Из общественной и литературной жизни Запада
Шрифт:
Едва-ли не самое типическое для его душевного настроения стихотворение «Дикие гуси». Изображается, как над монотонной равниной пролетают дикие гуси, направляясь к югу, тогда как их прирученные друзья внизу переваливаются с ноги на ногу, съеживаясь от холода.

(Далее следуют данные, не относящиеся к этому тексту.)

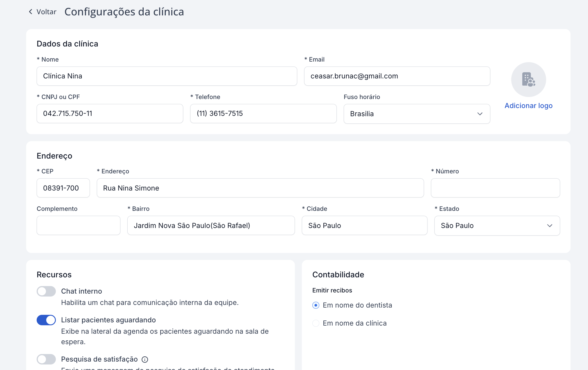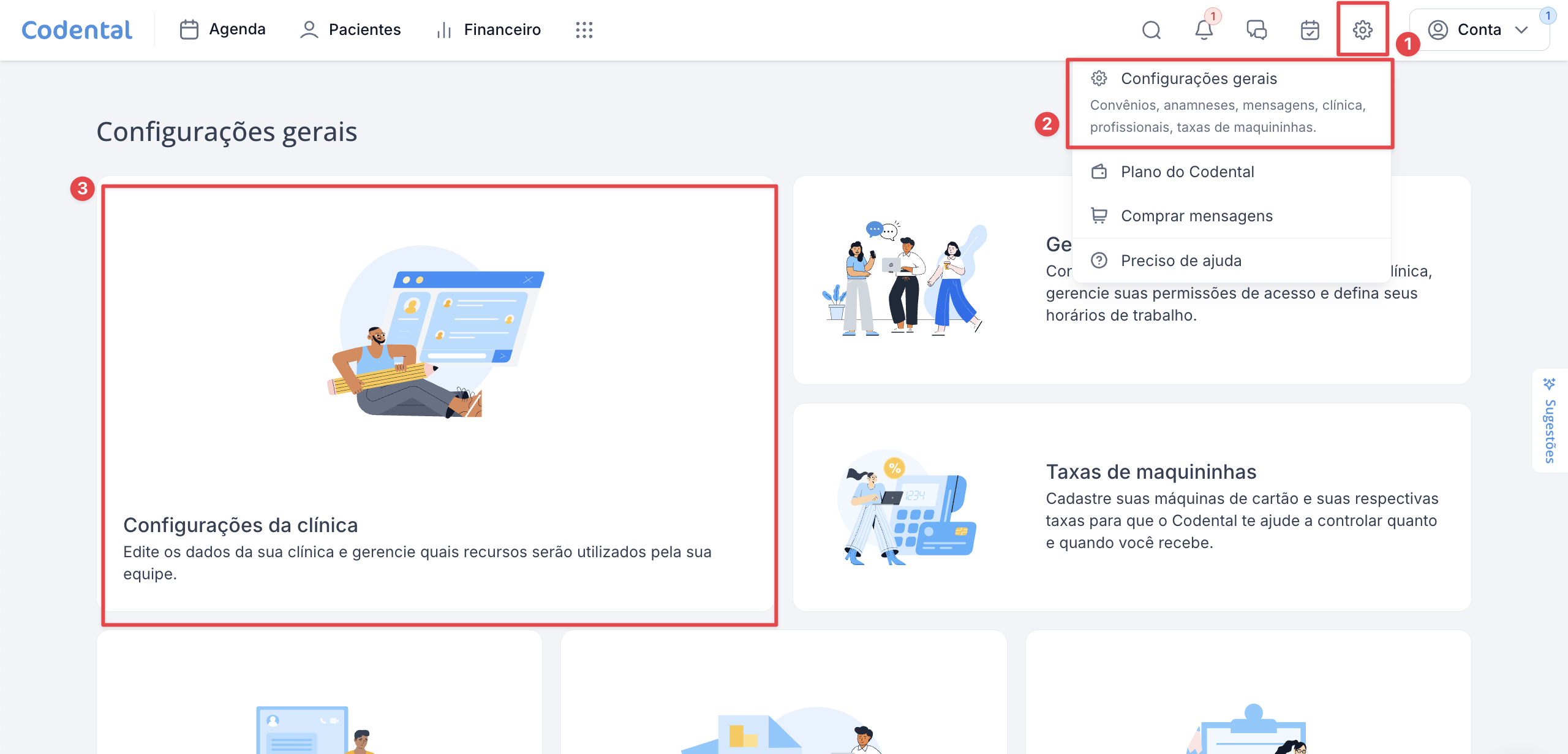 Acesse sempre que necessário a área de configurações da clínica e mantenha tudo em dia.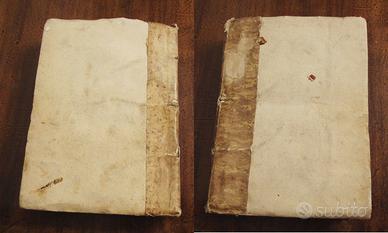 Coperta modesta, con macchie e strappi, legatura un po' lenta; qualche scritta e sottolineatura a lapis al frontespizio. Carte talora brunite, con qualche macchia specialmente al margine inferiore, piccole mancanze marginali, frequenti pieghe e consimili difetti; una piccola galleria di tarlo al margine interno delle ultime 3 cc. resta lontana dal testo. Copia poco meno che discreta, apprezzabile per i margini ampi - che spesso arrivano alle barbe - e per le belle immagini; volume collazionato e internamente completo, in sé concluso ma facente parte di un'edizione più ampia.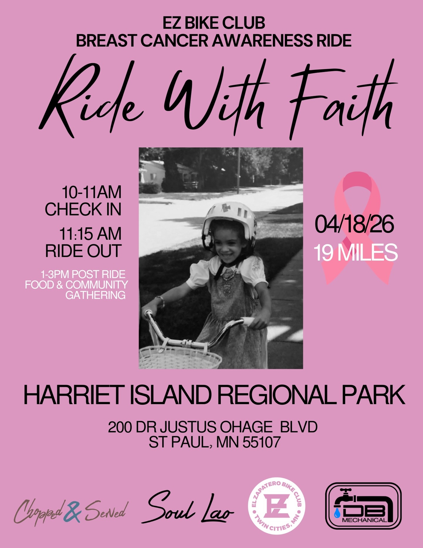 Join the EZ Bike Club community for a meaningful 19-mile breast cancer awareness ride in support of our girl @becauseyougottohavefaith. One of our cub members and board member, Faith was recently diagnosed with an aggressive form of breast cancer on March 2nd. Invasive Ductal Carcinoma / Estrogen Positive / Progesterone Positive / HER2+ She had surgery on March 24th and as she prepares to begin an intense treatment plan in the coming weeks, including 12 weeks of chemotherapy, 3 1/2 weeks of radiation, and a year of immunotherapy, we’re rallying around her with a 19 mile fundraising ride on April 18th to help support her. Faith is insured. However, out-of-pocket costs for breast cancer treatment in the USA are substantial. Faith has been a bright light and an important part of our EZ Bike Club family since she joined. Faith has spent her life’s work getting funding to those who need it and lifting up the community around her. Every individual and business who comes alongside us is so very appreciated. Much love to our incredible event sponsor @db.mechanical, our t-shirt sponsor @schorbahnfamilylaw, and to our food sponsors @choppednserved and @soullao. We appreciate you all for helping make this event so special! To become a ride sponsor, have questions, or other ideas, please email: EZ.Bikeclub@gmail.com. Thank you so much for considering supporting this meaningful ride. Link in bio to register. 🔗 Date: Saturday, April 18th, 2026 Location: Harriet Island Regional Park 200 Dr. Justus Ohage Blvd, Saint Paul, MN 55107 Time: 10AM-3PM With love and gratitude, The EZ Bike Club Community of Faith Michon Ross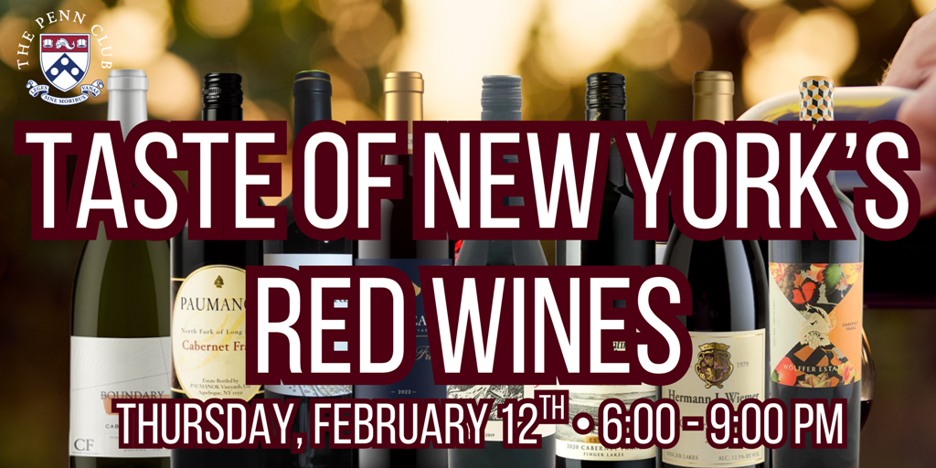 Join us for a unique exploration of New York’s signature red grape at this special Cab Franc Forward New York evening at The Penn Club. Members will begin with a welcome pour of sparkling or rosé, followed by a seated presentation introducing Cabernet Franc’s rising prominence in the state and an overview of the three major winegrowing regions represented: the Finger Lakes, Long Island, and the Hudson Valley. Following the presentation, guests are invited to enjoy a walk-around tasting with all eight founding wineries of Cab Franc Forward New York. Each winery will be represented by a winemaker or owner, offering members an exceptional opportunity to meet the people behind the wines and experience the depth and diversity of New York Cabernet Franc firsthand.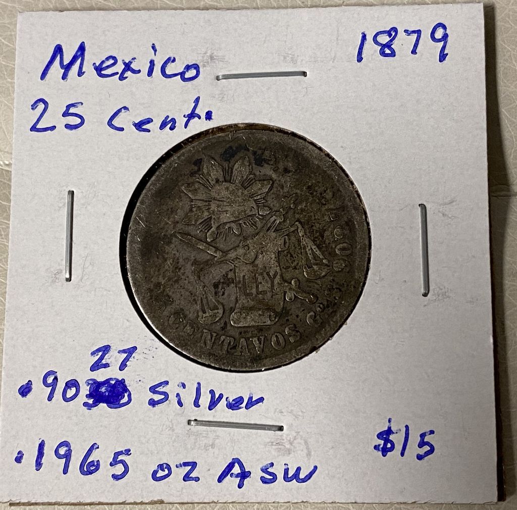 1879 Mexico 25 Centavos, good condition, paper case 1879 Mexico 25 Centavos, good condition, paper case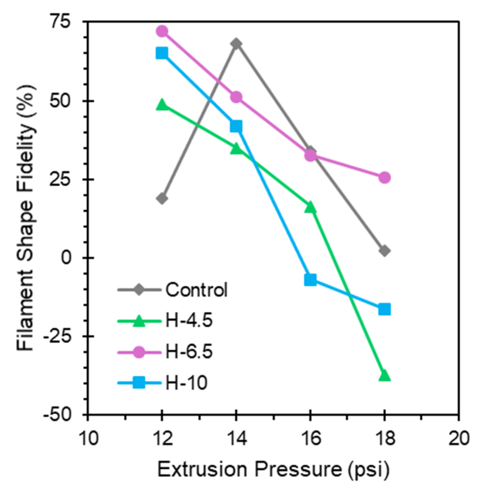 3.2. Printability of Unreacted Hybrid Hydrogels

Какой-то оборванец-мальчишка, насвистывая что-то, гонит этих прирученных гусей. И вдруг последние слышат крик дикой стаи, которая, как стрела, пролетает там, вверху. Они поднимают головы и, видя вольных гусей, рассекающих пространство, сами немножко взмахивают крыльями, топчутся на месте. В них как будто проснулось смутное воспоминание о прежней воле, о свободе тех, от которых они ведут свой род; и смотря вверх, они поднимают резкий крик, как-бы в ответ на крик своих диких братьев.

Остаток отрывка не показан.